The other thing about continuing on with the sin in question is that it
starts to become all right and out-and-out justifiable in your eyes after
a while,
until it becomes just "something you happen to do". But that's even more
nettlesome and alarming, since the one sin begins to gather steam and to
sink lower
until it becomes a fixed pattern of behavior. Despite that, though, if you
reverently ask G-d to forgive you and you break the pattern, it will
indeed be
undone and you will have achieved teshuva.

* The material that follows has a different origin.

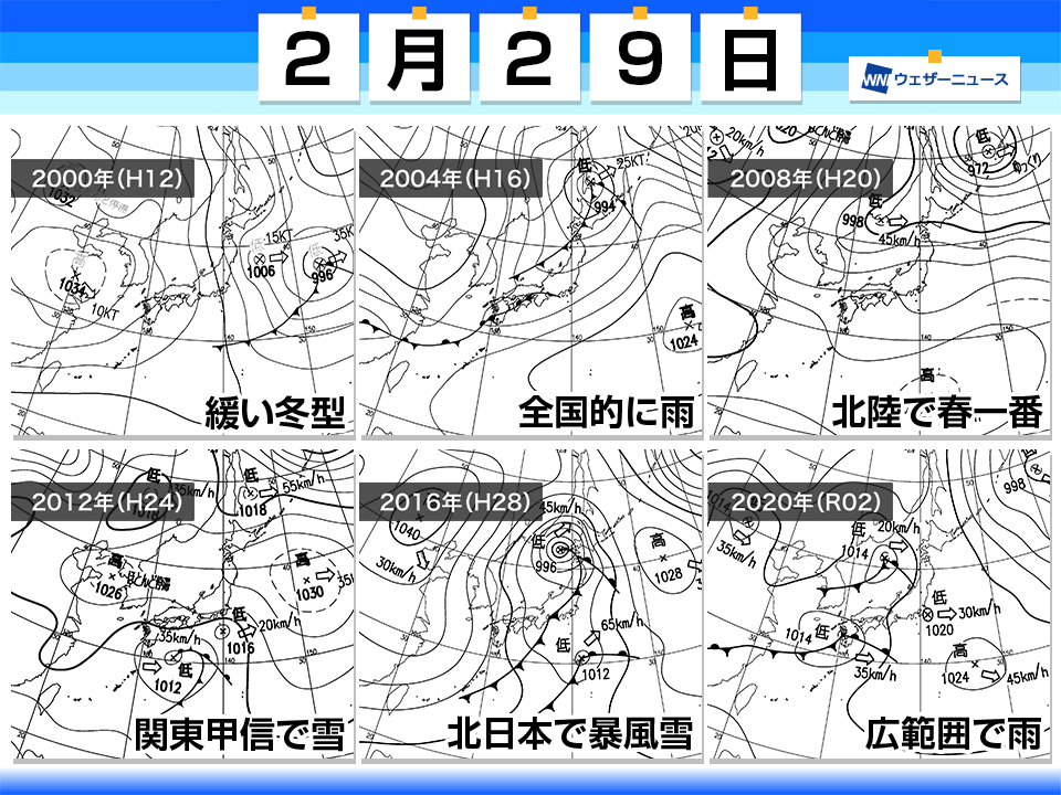 2月前半頃までの真冬の日本列島は、西高東低の冬型の気圧配置の日が多く、毎年同じような天気になる可能性が比較的高くなります。2月29日の天気図を見ると、冬型の気圧配置となっているのは2000年の1回のみで、残りの5回は低気圧や高気圧の通過が目を引きます。

You'd also have trouble doing teshuva (again) if you'd relapsed and
succumbed
to an old temptation after having already gone through all the steps of
teshuva. (You'd of course be able to start all over again, but it would be
that
much harder.)
It would also be hard to do teshuva if you kept putting it off and
assuring
yourself that you'll get to it someday, or perhaps after you'd have done
everything untoward you wanted to and "gotten it all out of your system",
as we'd
put it. But that simply wouldn't do, for we're taught that "Anyone who
says, `I
will sin then repent' will be denied the chance to repent" (Yoma 88b). And
besides, the sad, fearsome truth be known, no one knows when he'll die, so
you
might never get the opportunity.
And a sure impairment to true and full teshuva would be your repenting for
just *some* of your sins while persisting in others. For while teshuva by
degrees is still teshuva and G-d denies no one His efforts, the individual
in
pursuit of spiritual excellence would settle for nothing less than true
reconciliation with G-d after having neglected Him.